London School of Hygiene & Tropical Medicine, London WC1E 7HT, UK.
Health Policy Plan. 2010 Jul;25(4):328-33. doi: 10.1093/heapol/czq003. Epub 2010 Feb 2.
Tanzania has a policy of free provision of inpatient care for young children in order to promote timely access and thus reduce the current levels of mortality. However, little is known about out-of-pocket costs that may be incurred by families in seeking care for sick children. We conducted this study to identify the magnitude of these costs in relation to family income.
Five hundred and ten caretakers were interviewed on the day of discharge of their child from 11 hospitals in north-east Tanzania. Caretakers were asked to report expenditure related to hospitalization in various categories and family wealth was assessed through reported expenditure in the previous month.
Food (mean US$2.2, median US$1.6), transport (mean US$1.7, median US$0) and medicines (mean US$1.0, median US$0.4) were the leading categories of expenditure, and overall the mean out-of-pocket expenditure was US$5.5 (median US$3.7) per admission. Mean out-of-pocket expenditure was more than 1.5 times higher for households in the highest monthly expenditure quintile compared with those in the lowest. However, this differential was reversed when expenditure was considered as a proportion of family expenditure in the previous month; for the lowest quintile, families spent more than three-quarters of their total monthly expenditure on a single paediatric admission.

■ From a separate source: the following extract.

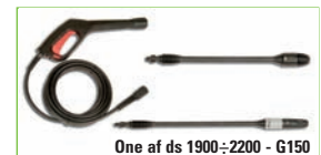
One of ds 1900-2200 - G150

[FR] Munis de: - pistolet avec rallonge athermique; - tuyau haute pression et haute température, lance avec commande commutation haute/basse pression et réglage angle du jet et buse rotative. Les versions GX et G Power sont munies en outre d'un enrouleur de tuyau.
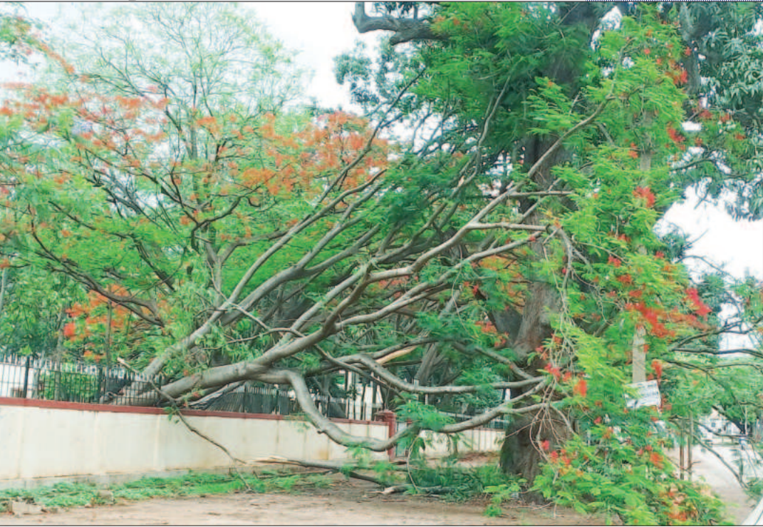
ವಿಜಯಪುರ ಪಟ್ಟಣದಲ್ಲಿ ಕಳೆದ 2 ದಿನಗಳಿಂದ ಆಷಾಢ ಮಾಸವನ್ನು ನೆನಪಿಸುವಂತಹ ಗಾಳಿ ಬೀಸುತ್ತಿದ್ದು, ಮಳೆ ಬಾರದಿದ್ದರೂ, ಬೀಸುತ್ತಿರುವ ಜೋರು ಗಾಳಿಗೆ ಶನಿವಾರದಂದು ಪರಿವೀಕ್ಷಣಾ ಮಂದಿರದ ಒಳಗಿರುವ ಗುಲ್ಬರ್ಗ್(ಮೇ ಪ್ಲವರ್)ಮರ ಬುಡ ಸಮೇತ ಬಿದ್ದಿದ್ದು, ಅಲ್ಲೇ ಎಳೆನೀರು ವ್ಯಾಪಾರ ಮಾಡುತ್ತಿದ್ದವರು ಆ ಸಮಯದಲ್ಲಿ ಅಲ್ಲಿಲ್ಲದ ಕಾರಣ ಯಾವುದೇ ಅನಾಹುತ ಸಂಭವಿಸದೆ, ಕೇವಲ ಕಾಂಪೌಂಡ್ ಗೋಡೆಗೆ ಹಾನಿಯಾಗಿದೆ.

Out-of-pocket expenditure on child hospitalization places a considerable burden on poor families. Our findings justify a closer scrutiny of how this expenditure could be reduced, particularly through the provision of adequate food for both children and caretakers and through reducing stock-outs of essential medicines.
坦桑尼亚实行对婴幼儿住院免费政策,以促进及时获得医疗服务,从而降低当前的死亡率。然而,对于家庭在为患病儿童寻求治疗时可能产生的自费费用知之甚少。我们开展此项研究旨在确定这些费用与家庭收入的关系。
在坦桑尼亚东北部的 11 家医院,我们于患儿出院当天对 510 名照护者进行了访谈。照护者被要求报告住院期间各方面的支出,家庭财富通过前一个月的报告支出进行评估。
食物(平均 2.2 美元,中位数 1.6 美元)、交通(平均 1.7 美元,中位数 0 美元)和药品(平均 1.0 美元,中位数 0.4 美元)是支出的主要类别,总体而言,每次住院的自费支出平均为 5.5 美元(中位数 3.7 美元)。与最低支出五分位数的家庭相比,最高支出五分位数的家庭自费支出平均高出 1.5 倍以上。然而,当支出被视为前一个月家庭支出的比例时,这种差异就会逆转;对于最低五分位数的家庭来说,他们在单次儿科住院治疗上的支出超过了总月支出的四分之三。
儿童住院自费支出给贫困家庭带来了相当大的负担。我们的研究结果表明,需要更仔细地研究如何减少这种支出,特别是通过为儿童和照护者提供充足的食物以及减少基本药物的缺货情况。